Pi ships almost nothing out of the box (no native sub-agents, no web access) on purpose, so you adapt the tool to your workflow by installing/building extensions rather than retrofitting a bloated agent. List the capabilities your current agent gives you for free (sub-agents, web search, hooks) and note which you'd have to install as Pi extensions.

26:40

Swap in a model

“factory. Curious how pi could help. So the the reason pi could be really helpful for the dark factory is because I have a very specific workflow for the way that I have the coding agent evolve the...”

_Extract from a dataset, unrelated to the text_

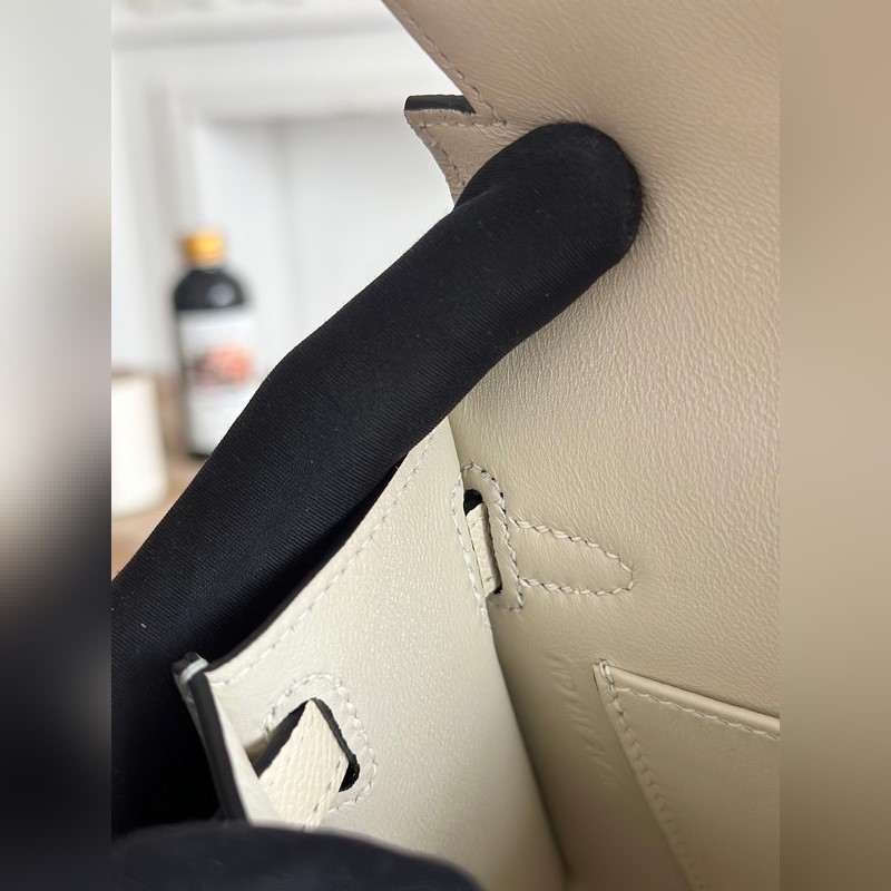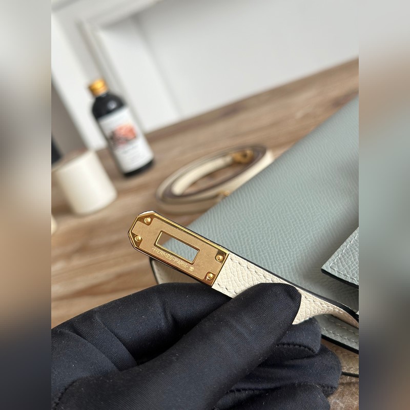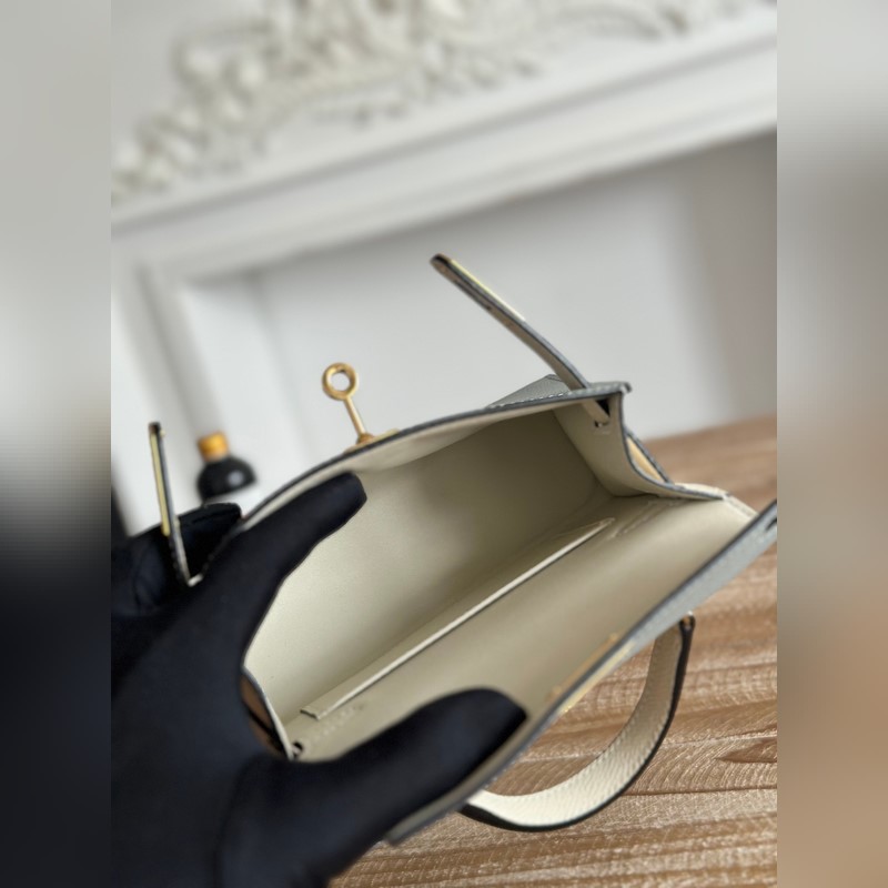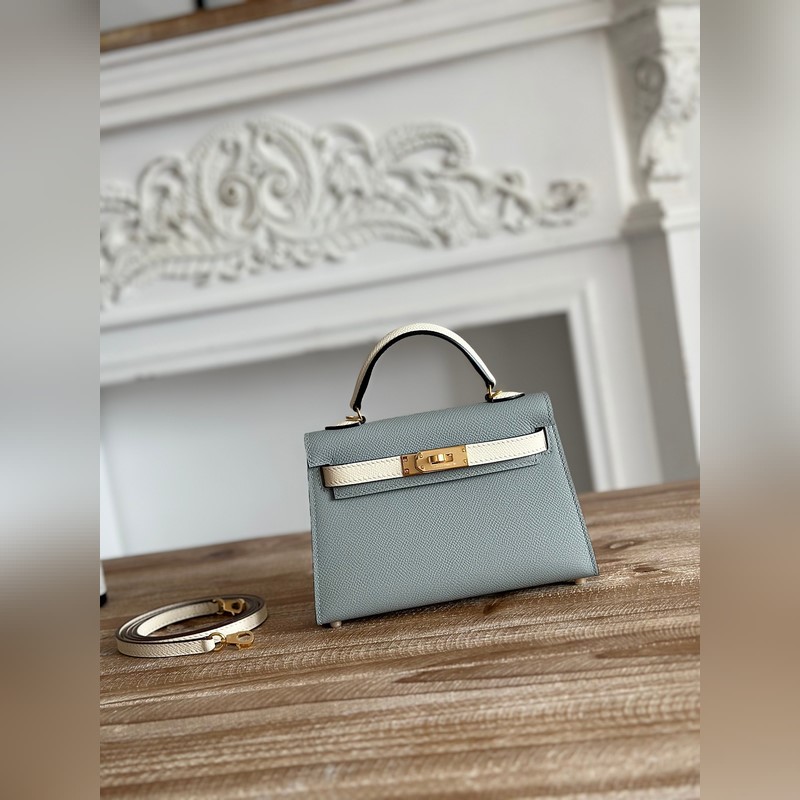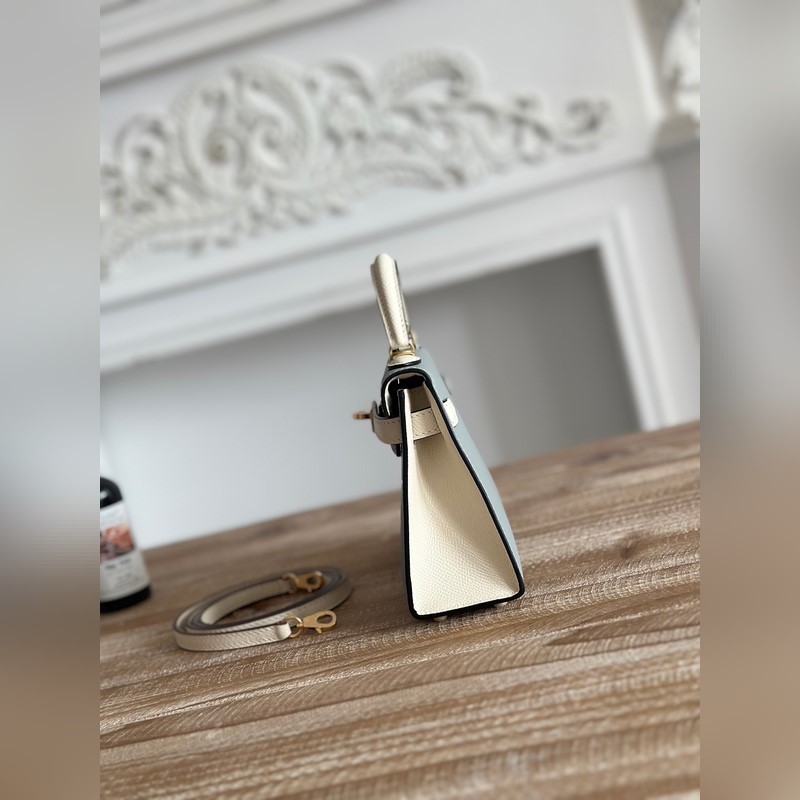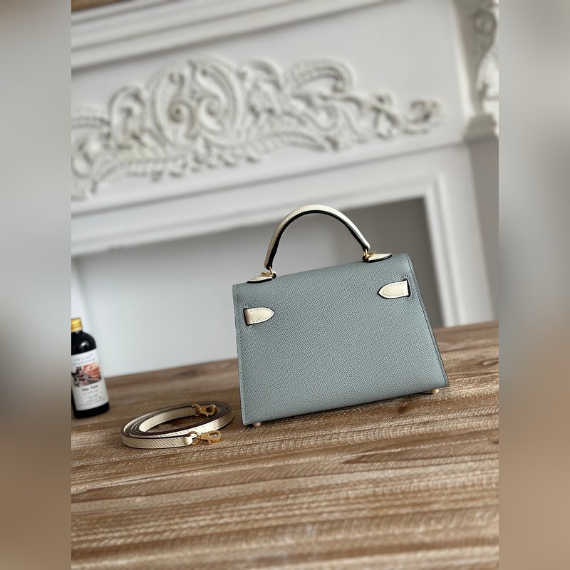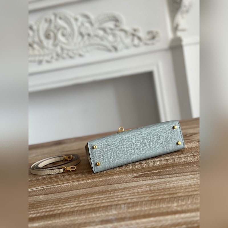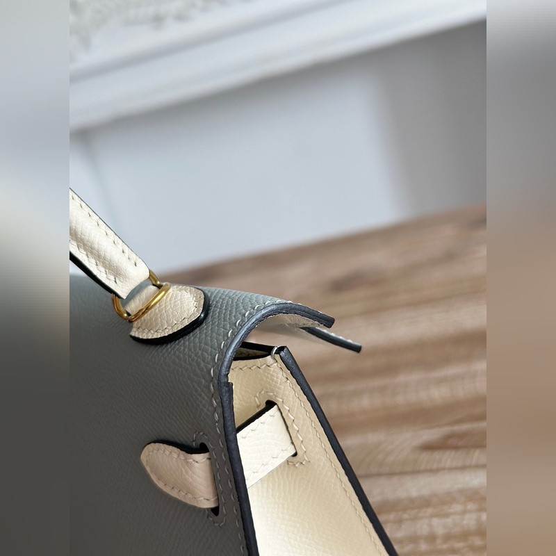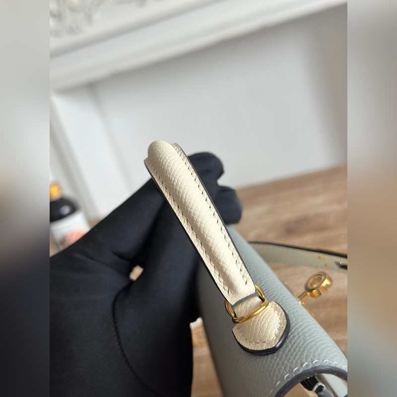 켈리 II 미니 색상: 빙하 회색/밀크쉐이크 화이트 수입된 에프솜 가죽 금 단추 오토바이 + 반제품 수제 밀랍 실 크기: 19cm

Pi supports many providers natively; you point it at a Kimi/OpenRouter API key by editing models.json, and a subscription-issued API key can bill against the flat subscription rather than per-token. Open Pi's models.json, add a custom provider entry for a cheap model, and confirm in the provider's usage history that requests register against your subscription.

87:25

Harness over model

“extension so that the output of like the the last output from the workflow needs to go directly back into the the PI session I thought that's what you already had set up, but obviously not. It's very...”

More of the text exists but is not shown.